As mentioned above, nickel sulfide-based composites are other materials to consider for the SC’s application. For example, nickel sulfide/reduced graphene oxide (NiS/RGO) powders were prepared by solution combustion method using nickel nitrate and graphene oxide as oxidants together with thioacetamide (C2H5NS), as well as glycine as the fuels [81]. It was shown that a 1:1 mole mixture of nickel nitrate and thioacetamide after synthesis resulted in the formation of 100% nickel disulfide (NiS2). Adding 2 moles of glycine to this solution led to a composite consisting of 67% nickel sulfide (NS) and 37% NiS2. Combustion of reactive nitrate–thioacetamide–glycine solution with a 1:1:3 mole ratio produced 100% of NiS. A NiS/RGO material was fabricated by adding GO to the 1:1:3 mole solution. Graphene oxide (GO) was in situ reduced during the combustion process to produce NiS/RGO nanocomposites. These results again outline the versatility of the combustion synthesis method to one-step synthesis of various composites.
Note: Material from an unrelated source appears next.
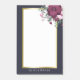 Pretty personalised post-it notes in dark blue with a pretty rose bouquet and faux gold details.

SEM images of nickel disulfide powder show a porous and foamy morphology involving agglomerated spherical nanoparticles (~50 nm). The NiS and NiS/RGO materials possess bulky microstructures formed by strongly agglomerated nanoparticles. TEM images of these materials revealed that NiS nanoparticles (~50 nm) are uniformly distributed on the RGO sheets (Figure 10b).
Figure 11 shows the CV curves of the NiS and NiS/RGO materials vs. Ag/AgCl electrode in the potential range of 0 to 0.4 V at the scanning rates of 5 to 50 mV/s. The oxidation and reduction peaks in the CV curves indicate the pseudocapacitive behavior of the samples. The NiS/RGO composite powders showed relatively high SC = 305 F/g at a current density of 1.1 A/g. The high conductivity of RGO and distribution of nickel sulfide nanoparticles on RGO sheets led to the high-capacity retention of 91% after 3000 cycles.
To conclude this section, the fabrication approach based on the self-sustained reactions allows practical synthesis of essentially any Ni-based composites. It was also shown that by varying synthesis parameters, such as fuel-to-oxidizer ratio, type of fuel, and temperature–time schedule, one might control the phase composition, shape, and size of the produced particles. The most critical structural characteristics that influence the electrochemical properties are phase composite, the specific surface area of the powder, and the amount and morphology of the electroconductive part of the composite (e.g., carbon). In Ni-based systems, the SCS permits the synthesis of nanostructured composites with SSA up to 100 m2/g and essentially any desired phase composition and amounts of electroconductive phase. The reported recorded values of specific capacitance are up to ~1500 F/g at 1 A/g with capacitance retention in the range of 60–100%, which is dependent on the operational conditions.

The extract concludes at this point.